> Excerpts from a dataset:

········

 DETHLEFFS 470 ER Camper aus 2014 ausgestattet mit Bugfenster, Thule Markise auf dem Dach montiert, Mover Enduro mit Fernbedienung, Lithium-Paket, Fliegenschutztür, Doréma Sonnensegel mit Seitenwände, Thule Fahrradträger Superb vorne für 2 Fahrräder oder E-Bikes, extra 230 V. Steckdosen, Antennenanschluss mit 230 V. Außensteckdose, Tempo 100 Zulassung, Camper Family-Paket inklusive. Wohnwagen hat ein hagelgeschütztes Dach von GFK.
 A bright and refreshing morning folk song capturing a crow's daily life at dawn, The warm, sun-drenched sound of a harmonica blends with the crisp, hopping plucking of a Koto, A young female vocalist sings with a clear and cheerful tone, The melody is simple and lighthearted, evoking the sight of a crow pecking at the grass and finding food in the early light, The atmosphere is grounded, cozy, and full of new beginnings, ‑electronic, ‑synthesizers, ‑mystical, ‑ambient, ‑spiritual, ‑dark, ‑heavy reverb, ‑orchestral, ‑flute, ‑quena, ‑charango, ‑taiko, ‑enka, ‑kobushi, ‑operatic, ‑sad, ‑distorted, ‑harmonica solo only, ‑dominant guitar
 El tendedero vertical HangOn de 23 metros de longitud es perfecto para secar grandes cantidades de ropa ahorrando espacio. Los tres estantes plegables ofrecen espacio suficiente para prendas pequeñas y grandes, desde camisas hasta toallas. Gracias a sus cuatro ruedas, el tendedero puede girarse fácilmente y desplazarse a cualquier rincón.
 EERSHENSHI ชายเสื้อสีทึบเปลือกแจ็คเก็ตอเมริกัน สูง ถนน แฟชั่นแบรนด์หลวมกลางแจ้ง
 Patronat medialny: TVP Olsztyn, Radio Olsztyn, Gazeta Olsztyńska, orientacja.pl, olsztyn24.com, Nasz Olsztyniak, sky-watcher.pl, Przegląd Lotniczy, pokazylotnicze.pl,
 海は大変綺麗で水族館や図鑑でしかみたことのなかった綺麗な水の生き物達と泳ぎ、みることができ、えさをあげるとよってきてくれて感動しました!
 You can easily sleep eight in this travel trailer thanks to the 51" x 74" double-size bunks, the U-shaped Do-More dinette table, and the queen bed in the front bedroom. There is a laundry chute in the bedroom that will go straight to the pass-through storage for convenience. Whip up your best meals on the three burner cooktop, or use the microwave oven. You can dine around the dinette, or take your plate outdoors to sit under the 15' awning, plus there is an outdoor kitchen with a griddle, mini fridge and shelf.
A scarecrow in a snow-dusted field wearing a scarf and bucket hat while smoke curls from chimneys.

········

> About this exercise:
Reproduce exactly the entries above, limited to the lines from the one with "El tendedero vertical" through the one with "EERSHENSHI ชายเสื้อสีทึบเปลือกแจ็คเก็ตอเมริกัน สูง", both included.

> Response box:
 El tendedero vertical HangOn de 23 metros de longitud es perfecto para secar grandes cantidades de ropa ahorrando espacio. Los tres estantes plegables ofrecen espacio suficiente para prendas pequeñas y grandes, desde camisas hasta toallas. Gracias a sus cuatro ruedas, el tendedero puede girarse fácilmente y desplazarse a cualquier rincón.
 EERSHENSHI ชายเสื้อสีทึบเปลือกแจ็คเก็ตอเมริกัน สูง ถนน แฟชั่นแบรนด์หลวมกลางแจ้ง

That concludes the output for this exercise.